# Tokopaedi - Python Library for Tokopedia E-Commerce Data Extraction
**Extract product data, reviews, and search results from Tokopedia with ease.**
Tokopaedi is a powerful Python library designed for scraping e-commerce data from Tokopedia, including product searches, detailed product information, and customer reviews.
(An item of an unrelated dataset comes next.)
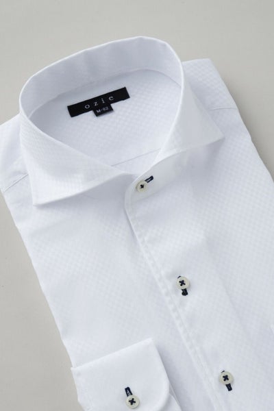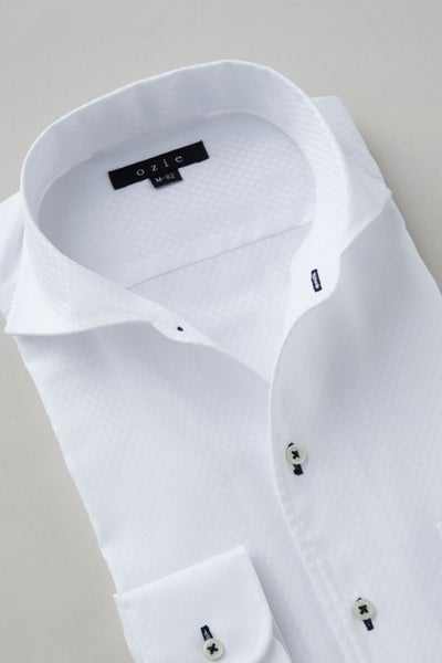 ノーネクタイ専用のややカジュアル度の高い商品でありながら、非常にエレガントなシャツです。
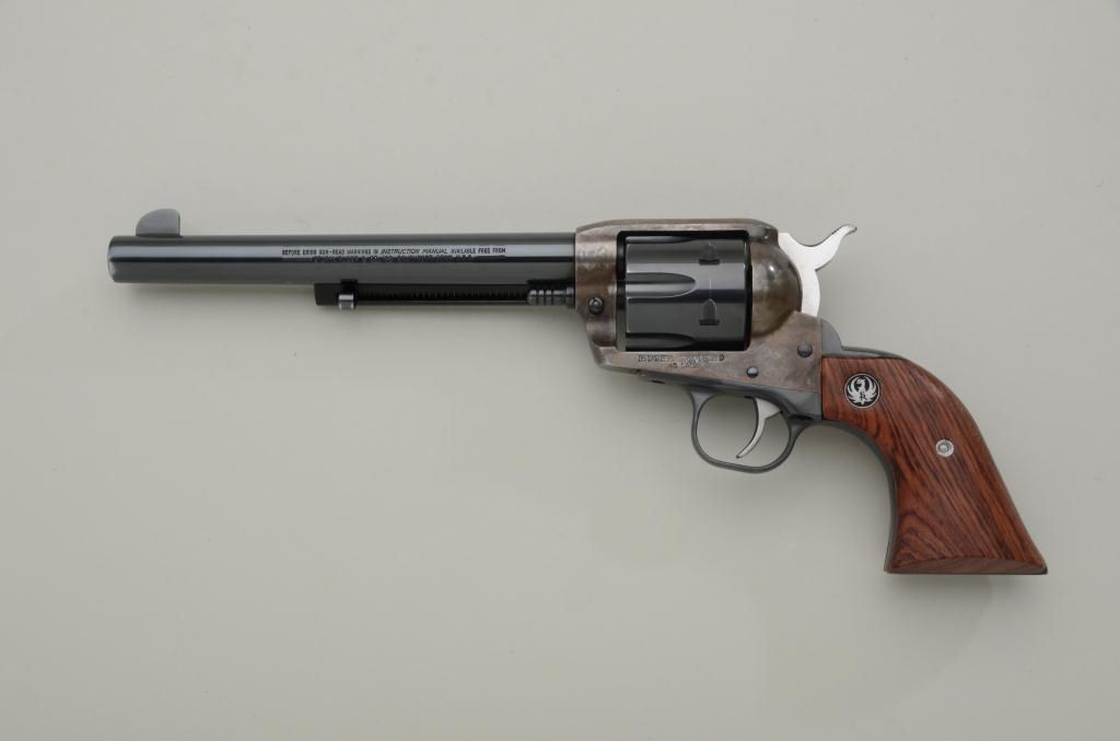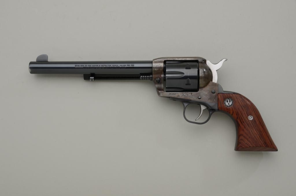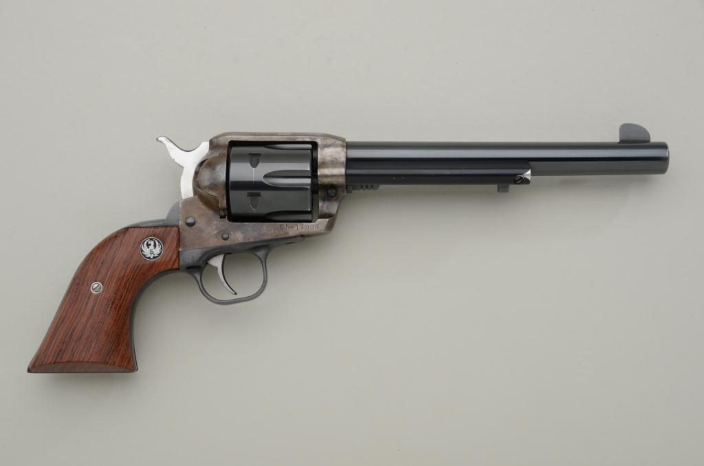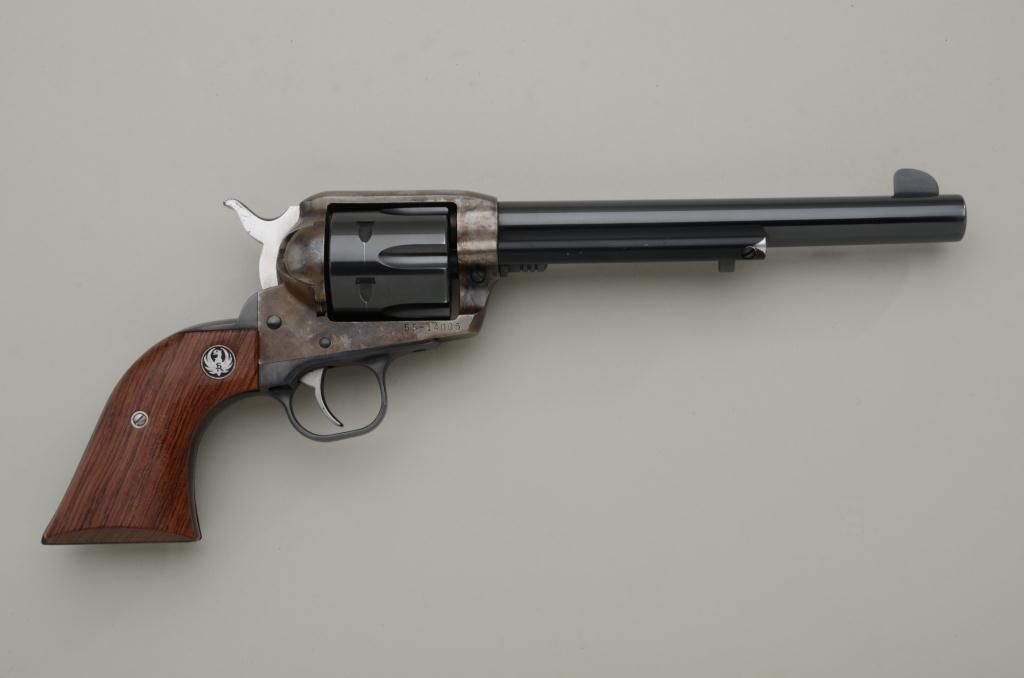 Ruger Vaquero .45 long Colt caliber with 7 ½” barrel, blue and case hardened finish, medallion wood Ruger grips, in early production serial number range 55 – 14005. This single action remains in very good usedcondition showing 80% to 90% original finish with some losses from being carried in a holster. Est.: $350-$700

Ideal for developers, data analysts, and businesses looking to analyze Tokopedia's marketplace.
 [](https://pepy.tech/projects/tokopaedi)  [](https://github.com/hilmiazizi/tokopaedi/blob/main/LICENSE) 
---
## Key Features
- **Product Search**: Search Tokopedia products by keyword with customizable filters (price, rating, condition, etc.).
- **Detailed Product Data**: Retrieve rich product details, including variants, pricing, stock, and media.
- **Customer Reviews**: Scrape product reviews with ratings, timestamps, and more.
- **Serializable Results**: Dataclass-based results with `.json()` for easy export to JSON or pandas DataFrames.
- **SearchResults Container**: Iterable and serializable container for streamlined data handling.
---
## Installation
Install Tokopaedi via pip:
```bash
pip install tokopaedi
## Quick Start
```python
from tokopaedi import search, SearchFilters, get_product, get_reviews, combine_data
from dataclasses import dataclass, asdict
import json
filters = SearchFilters(
bebas_ongkir_extra = True,
pmin = 15000000,
pmax = 30000000,
rt = 4.5
)
results = search("Zenbook 14 32GB", max_result=100, debug=False)
for result in results:
combine_data(
result,
get_product(product_id=result.product_id, debug=True),
get_reviews(product_id=result.product_id, max_result=20, debug=True)
)
with open('log.json','w') as f:
f.write(json.dumps(results.json(), indent=4))
print(json.dumps(results.json(), indent=4))
```
## 📘 API Overview
### 🔍 `search(keyword: str, max_result: int = 100, filters: Optional[SearchFilters] = None, debug: bool = False) -> SearchResults`
Search for products from Tokopedia.
**Parameters:**
- `keyword`: string keyword (e.g., `"logitech mouse"`).
- `max_result`: Expected number of results to return.
- `filters`: Optional `SearchFilters` instance to narrow search results.
- `debug`: Show debug message if True
**Returns:**
- A `SearchResults` instance (list-like object of `ProductSearchResult`), supporting `.json()` for easy export.
----------
### 📦 `get_product(product_id: Optional[Union[int, str]] = None, url: Optional[str] = None, debug: bool = False) -> ProductData`
Fetch detailed information for a given Tokopedia product.
**Parameters:**
- `product_id`: (Optional) The product ID returned from `search()`. If provided, this will take precedence over `url`.
- `url`: (Optional) The full product URL. Used only if `product_id` is not provided.
- `debug`: If `True`, prints debug output for troubleshooting.
> ⚠️ Either `product_id` or `url` must be provided. If both are given, `product_id` is used and `url` is ignored.
**Returns:**
- A `ProductData` instance containing detailed information such as product name, pricing, variants, media, stock, rating, etc.
- Supports `.json()` for easy serialization (e.g., to use with `pandas` or export as `.json`).
----------
### 🗣️ `get_reviews(product_id: Optional[Union[int, str]] = None, url: Optional[str] = None, max_count: int = 20, debug: bool = False) -> List[ProductReview]`
Scrape customer reviews for a given product.
**Parameters:**
- `product_id`: (Optional) The product ID to fetch reviews for. Takes precedence over `url` if both are provided.
- `url`: (Optional) Full product URL. Used only if `product_id` is not provided.
- `max_count`: Maximum number of reviews to fetch (default: 20).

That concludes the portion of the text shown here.